The one problem I can see with is strategy is the heavy water supply issue discussed previously on this blog.    

 

 

One Response to “Why not the CANDU- 6?”

  1. Don Jones Says:

    Re Why not the CANDU-6?
    Re Why Generation 3+?

    You could have added that the CANDU-6 does not use enriched uranium. You are right about the C-6 being a robust design. Up to end of 2007 the average lifetime, repeat lifetime, capacity factor for the 11 operating C-6 reactors (none of which operate in Ontario) was 88.8 percent with an annual average capacity factor also of 88.8 percent in 2007, down from 90.8 percent for 10 reactors in 2006. The four C-6 units in South Korea had an average lifetime capacity factor of 93 percent up to the end of 2007. In countries that have both C-6 reactors and PWRs, like South Korea and China, the C-6 has out performed the American and French reactors in Korea and the French reactors in China. Truly outstanding performance.
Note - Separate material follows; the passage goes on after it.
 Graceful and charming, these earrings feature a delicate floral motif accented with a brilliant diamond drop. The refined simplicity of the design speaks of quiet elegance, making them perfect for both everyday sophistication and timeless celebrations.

    The distinction between Generation 2 and Generation 3 reactors is imprecise but generally Generation 3 units could be said to, have fewer systems, have a 60 year design life, generate less waste, have a standardized design, be easier to build, and have lower core damage frequencies than the earlier Generation 2 reactors in service today. All the contending plants are “safe” and all are said to be Generation 3 +. The difference between Generation 3 and Generation 3+ is not clear. One definition is that Generation 3+ units have passive safety features not available on Generation 3 units. However, the U.S. EPR relies more on engineered safety systems and less on passive safety systems than either the AP1000 or the ACR-1000 and would not be a Generation 3+ by this definition.

    The Enhanced CANDU-6 a Generation 3 reactor. The ACR-1000 is a Generation 3+. What did it take to get from 3 to 3+? Apparently it took a four quadrant design engineered safety system and other changes to make an already safe reactor even more safe and an already reliable reactor even more reliable and easier to build.
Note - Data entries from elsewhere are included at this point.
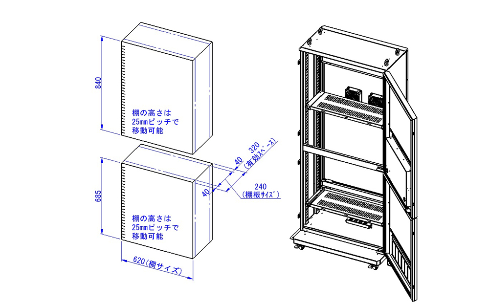 収納機器許容発熱量は、周囲温度30℃、動作温度35℃、搭載機器稼働率70%とした際の机上計算値です。
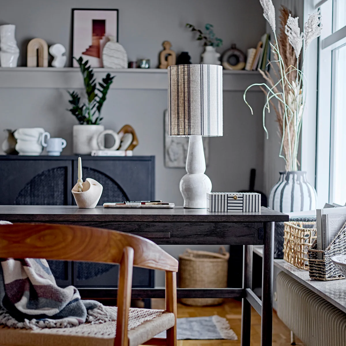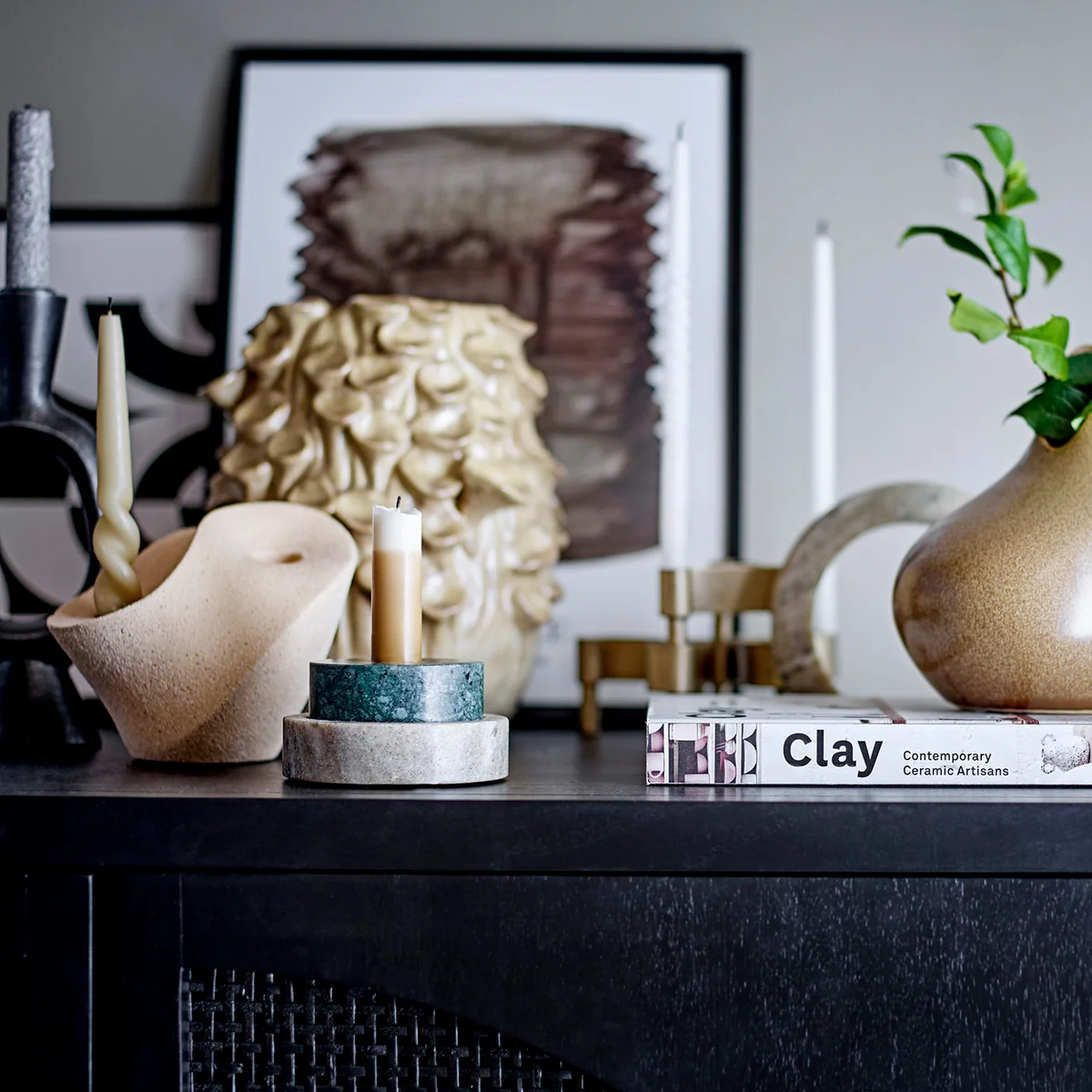 Le bougeoir Brent de Bloomingville a une belle forme graphique avec une structure mate dans un beige chaud - il y a de la place pour deux bougies.
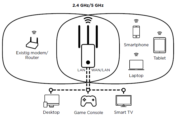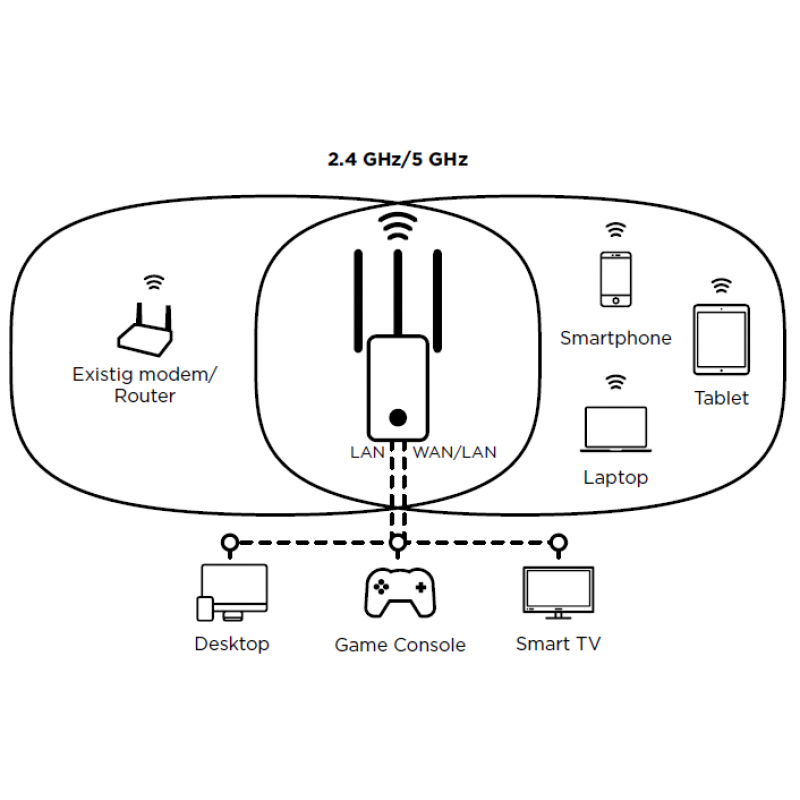 Το Strong Dual Band Repeater 750 είναι η ιδανική λύση για να επεκτείνετε την κάλυψη του 802.11ac modem ή router σας σε λίγα μόνο λεπτά. Σε μία μέγιστη ταχύτητα 750 Mbit/s, το Dual Band Repeater 750 είναι ένα από τις μικρότερα και ισχυρότερα dual band 802.11ac Repeaters. Το σύστημα των 3 ρυθμιζόμενων εξωτερικών κεραιών σε συνδυασμό τα με 802.11ac προηγμένα χαρακτηριστικά θα ενισχύσει μια ευρεία και αξιόπιστη κάλυψη Wi-Fi σε όλη την οικία σας.

    I assume the reason EC-6 was not considered for Ontario was because size does matter ($/kWe and LUEC) and because it was not a Generation 3+ reactor. The ACR-1000 will be competing in the International market where its competitors are Generation 3+ reactors. There will be markets for the EC-6 in countries that have reserves of uranium and want to be independent of foreign enrichment. There is no way the industry could afford (money and people) to build a fleet of C-6s to supply the power Ontario needs and at the same time develop the ACR-1000 design. The ACR-1000 is a good design that Team CANDU is well capable of building and will take us to the next stage, the Generation 4 reactor. The C-6 was a new design and was a success from when it first entered service in 1983 so there is no reason why the ACR-1000 will be any different. Remember China is taking a risk with the AP1000 with untried passive safety systems.